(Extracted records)

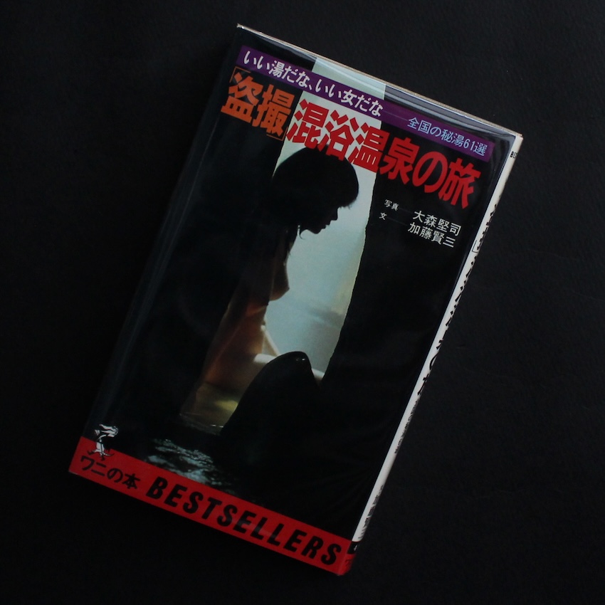 日本の写真家・大森堅司の写真集『「盗撮」混浴温泉の旅』。1982年にベストセラーズより刊行された本書は、全国各地の混浴温泉を巡り、その場の空気や人物像を捉えたヴィジュアル写真集です。大森は温泉や旅、風俗文化などを主題にした写真・ビジュアル本を手がけてきた作家であり、本書もまた高度成長期以後の余暇文化が広がる時代背景のなかで生まれた一冊といえます。観光地としての温泉ではなく、そこに集う人々の佇まいを通して、昭和末期の日本社会における開放性や身体観を映し出し、記録と娯楽のあわいに位置する写真表現のあり方を示しています。尚、翌83年にはA4サイズの『混浴温泉ひとり旅』も刊行されていますが、こちらはその前年に出版された単行本サイズの版で、ページ数もより充実したものになります。
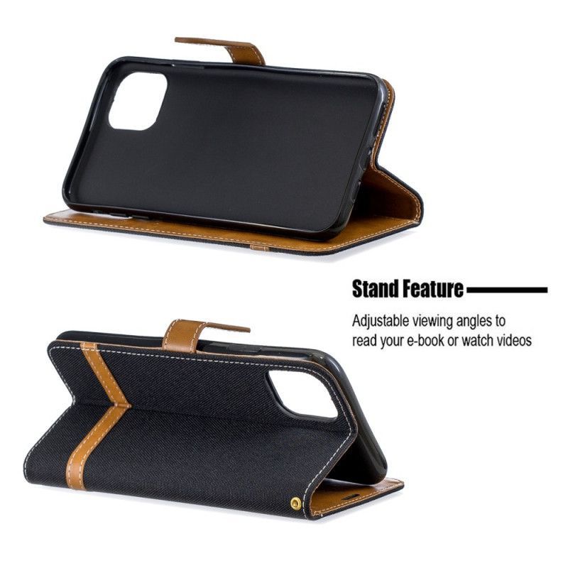 δερματινη Κάλυμμα iPhone 11 Pro Max Μαύρο Υφασμάτινο Και Δερμάτινο Λουράκι Πρωτότυπος
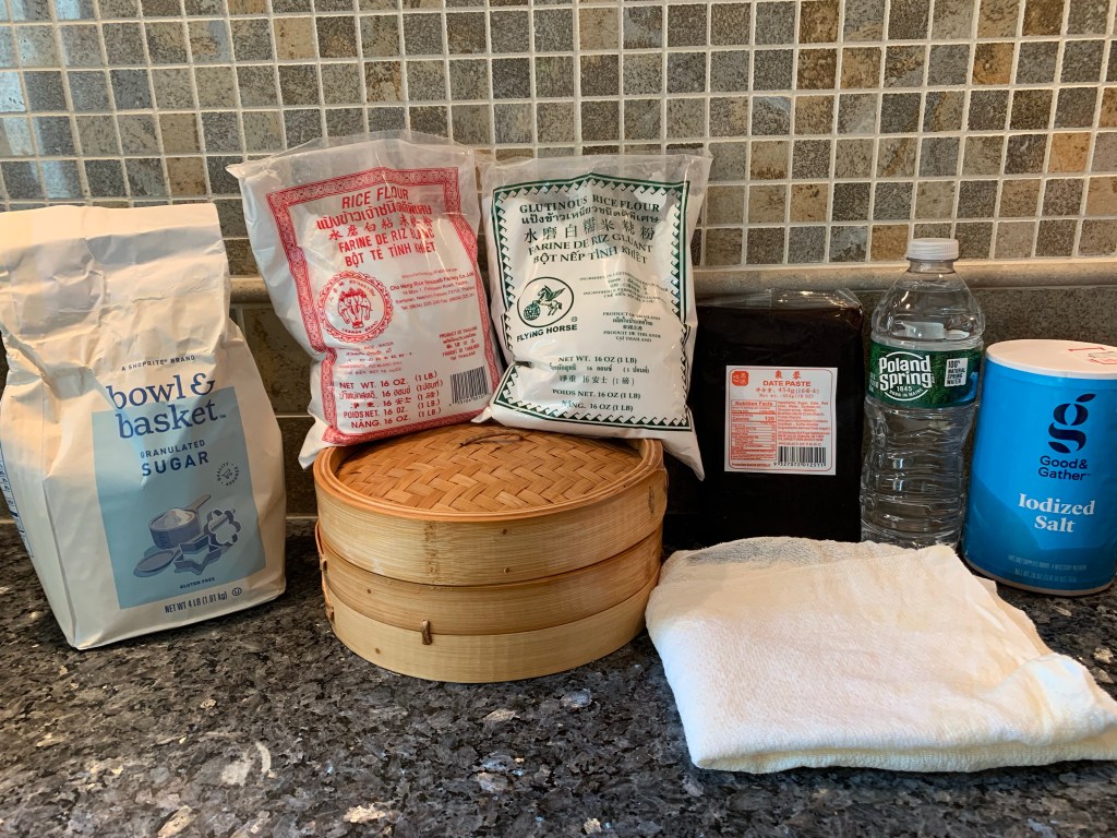 9 Take the steamed flour base out. Careful, it will be hot. Spread one portion of the jujube date paste onto the steamed base, then add another layer of the flour mix. Steam on high flame for another 5 minutes. Repeat this process of building the layers and steaming after each flour layers until you finish with all the paste and flour mix.
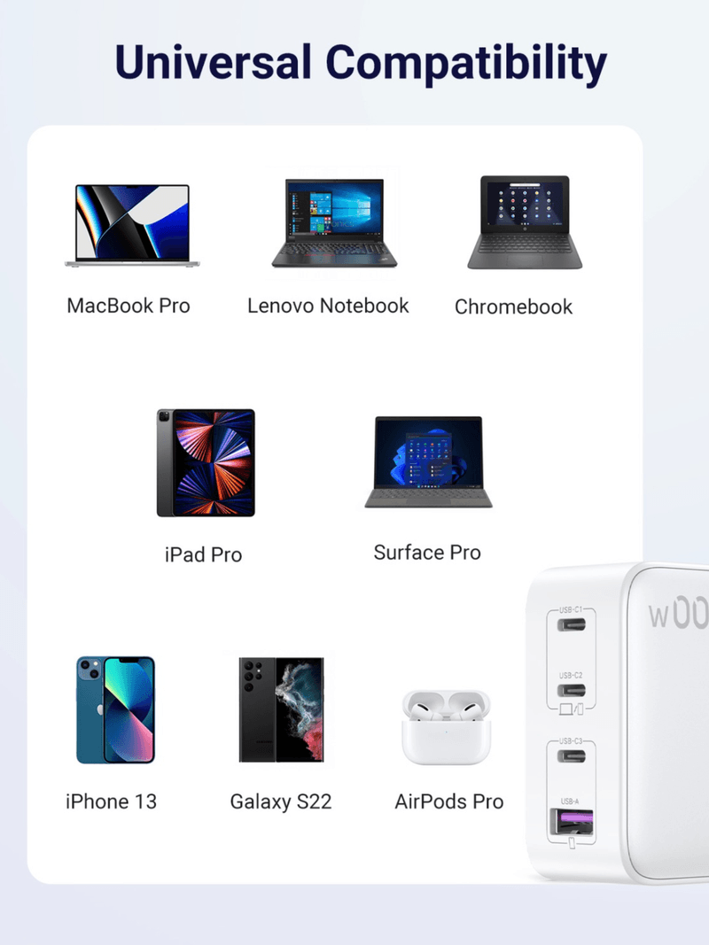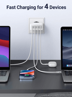 UGREEN 4 Port GaN PD Home Charger features the Type-C port with Power Delivery 3.0. It can fast charge your PD compatible devices. Your MacBook Pro 14 can be charged from 0% to 55% in just 30 minutes.
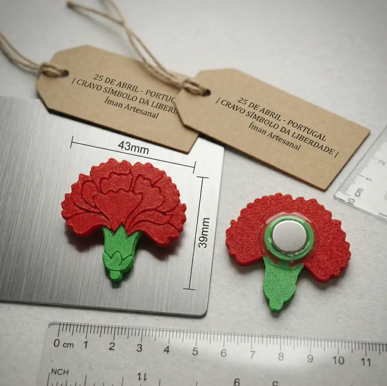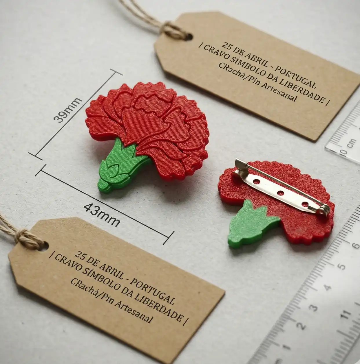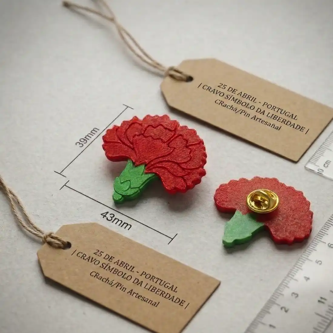 Este crachá/pin representa o icónico Cravo de Abril, símbolo maior da nossa democracia. Ao contrário dos pins de plástico comuns, este modelo é produzido em PLA, um material sustentável de origem orgânica que confere uma textura definida e cores vibrantes que não desbotam.
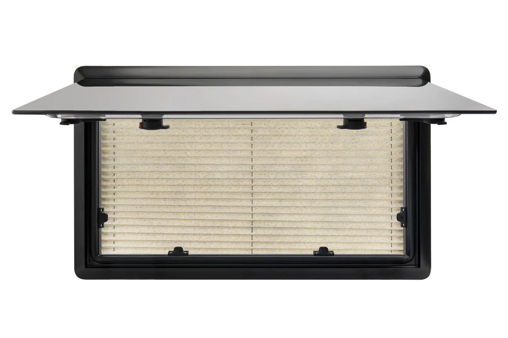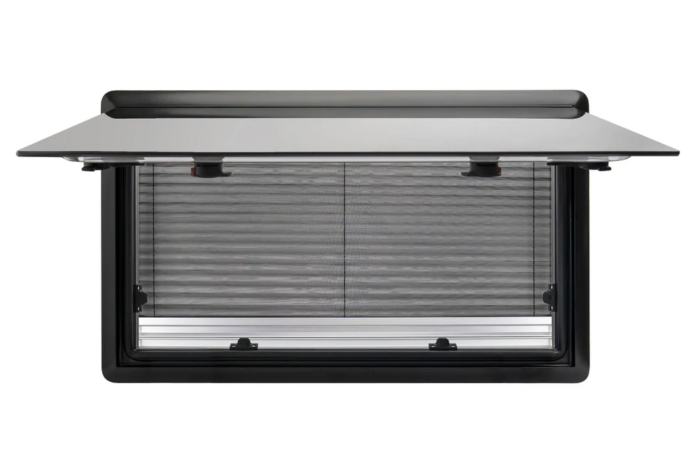 Camper Van RV Hinged Window 900 x 450mm / Double Walled + Roller Blind Screen
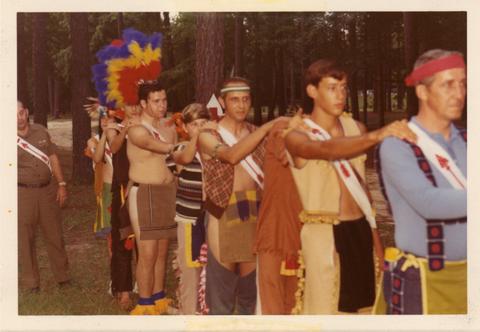 | From right to center are Forrest DeLoach, Wayne Oliver, Randy Wilson (no head in picture), Mike Meyer Von Bremen, Michael Meyer Von Bremen, Lloyd Graham. Far center with uniform on is Bill Graff District Executive for East District. |
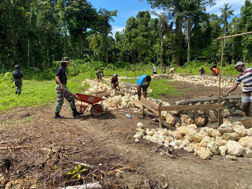 Wujudkan Impian Jemaat, Satgas Pamtas Yonif 711/Rks Bantu Membangun Gereja
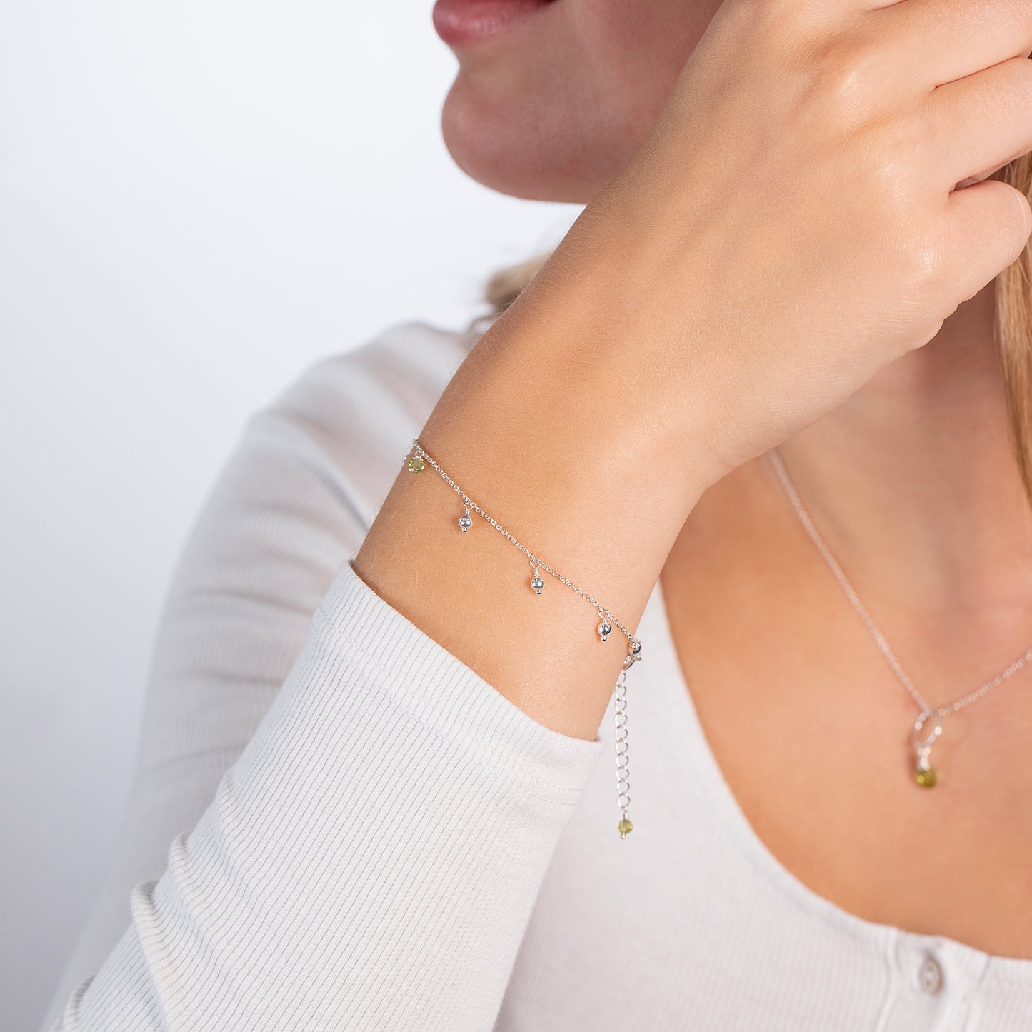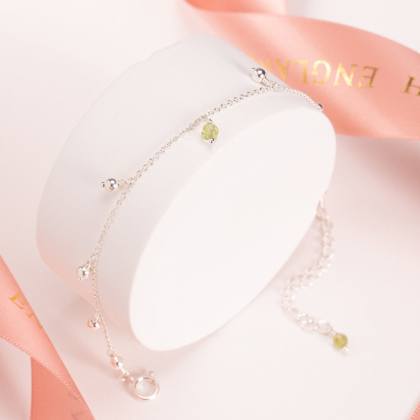 August Birthday Gift - Delicate Double Birthstone Bracelet - Peridot - Silver & Gold

# GOAL OF THE EXERCISE:
Give the lines again exactly, beginning with the first line of the records above and ending with the line that contains "δερματινη Κάλυμμα iPhone", and include no pictures.

# RESULT:
 日本の写真家・大森堅司の写真集『「盗撮」混浴温泉の旅』。1982年にベストセラーズより刊行された本書は、全国各地の混浴温泉を巡り、その場の空気や人物像を捉えたヴィジュアル写真集です。大森は温泉や旅、風俗文化などを主題にした写真・ビジュアル本を手がけてきた作家であり、本書もまた高度成長期以後の余暇文化が広がる時代背景のなかで生まれた一冊といえます。観光地としての温泉ではなく、そこに集う人々の佇まいを通して、昭和末期の日本社会における開放性や身体観を映し出し、記録と娯楽のあわいに位置する写真表現のあり方を示しています。尚、翌83年にはA4サイズの『混浴温泉ひとり旅』も刊行されていますが、こちらはその前年に出版された単行本サイズの版で、ページ数もより充実したものになります。
 δερματινη Κάλυμμα iPhone 11 Pro Max Μαύρο Υφασμάτινο Και Δερμάτινο Λουράκι Πρωτότυπος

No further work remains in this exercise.